TASK DETAILS »
A verbatim transcription of the listing below is required, without its pictures.

DATA SEGMENT »
┌────────
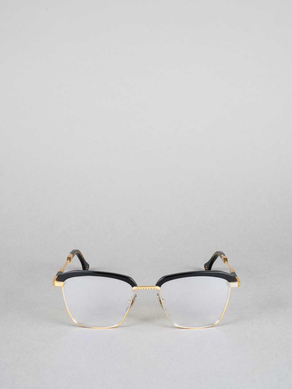 Le modèle IRO56 propose une monture optique rectangulaire en acétate noir avec des accents métalliques dorés et argentés, apportant une touche contemporaine inspirée des formes géométriques des années 80.
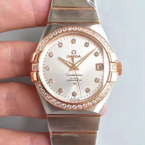 • 오메가 컨스텔레이션 로즈골드 금통 실버다이얼 다이아몬드베젤 38
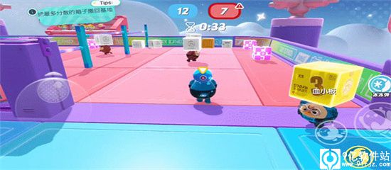 除此之外,我们还可以去到对方的场地干扰对手,不但可以扔道具扔蛋仔,还可以直接把场地上的方块拿走,变成己方的分数哦。
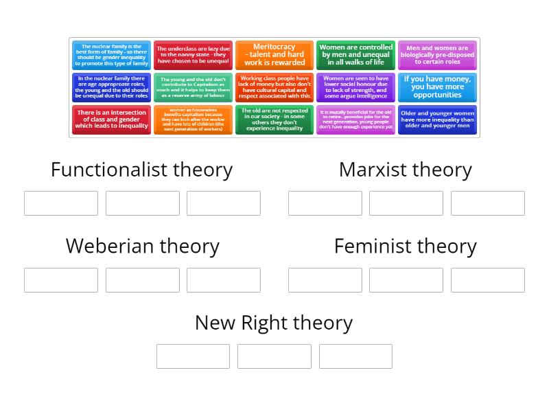 Functionalist theory: Meritocracy - talent and hard work is rewarded, Men and women are biologically pre-disposed to certain roles, It is mutally beneficial for the old to retire...provides jobs for the next generation, young people don't have enough experience yet, Marxist theory: women as housewives benefits capitalism because they can look after the worker and have lots of children (the next generation of workers), The young and the old don't contribute to Capitalism as much and it helps to keep them as a reserve army of labour, If you have money, you have more opportunities, Weberian theory: Women are seen to have lower social honour due to lack of strength, and some argue intelligence, The old are not respected in our society - in some others they don't experience inequality, Working class people have lack of money but also don't have cultural capital and respect associated with this, Feminist theory: Women are controlled by men and unequal in all walks of life, Older and younger women have more inequality than older and younger men, There is an intersection of class and gender which leads to inequality, New Right theory: The nuclear family is the best form of family - so there should be gender inequality to promote this type of family, The underclass are lazy due to the nanny state - they have chosen to be unequal, In the nuclear family there are age approproate roles, the young and the old should be unequal due to their roles,
└────────
SOLUTION FOR THIS EXERCISE »
 Le modèle IRO56 propose une monture optique rectangulaire en acétate noir avec des accents métalliques dorés et argentés, apportant une touche contemporaine inspirée des formes géométriques des années 80.
 • 오메가 컨스텔레이션 로즈골드 금통 실버다이얼 다이아몬드베젤 38
 除此之外,我们还可以去到对方的场地干扰对手,不但可以扔道具扔蛋仔,还可以直接把场地上的方块拿走,变成己方的分数哦。
 Functionalist theory: Meritocracy - talent and hard work is rewarded, Men and women are biologically pre-disposed to certain roles, It is mutally beneficial for the old to retire...provides jobs for the next generation, young people don't have enough experience yet, Marxist theory: women as housewives benefits capitalism because they can look after the worker and have lots of children (the next generation of workers), The young and the old don't contribute to Capitalism as much and it helps to keep them as a reserve army of labour, If you have money, you have more opportunities, Weberian theory: Women are seen to have lower social honour due to lack of strength, and some argue intelligence, The old are not respected in our society - in some others they don't experience inequality, Working class people have lack of money but also don't have cultural capital and respect associated with this, Feminist theory: Women are controlled by men and unequal in all walks of life, Older and younger women have more inequality than older and younger men, There is an intersection of class and gender which leads to inequality, New Right theory: The nuclear family is the best form of family - so there should be gender inequality to promote this type of family, The underclass are lazy due to the nanny state - they have chosen to be unequal, In the nuclear family there are age approproate roles, the young and the old should be unequal due to their roles,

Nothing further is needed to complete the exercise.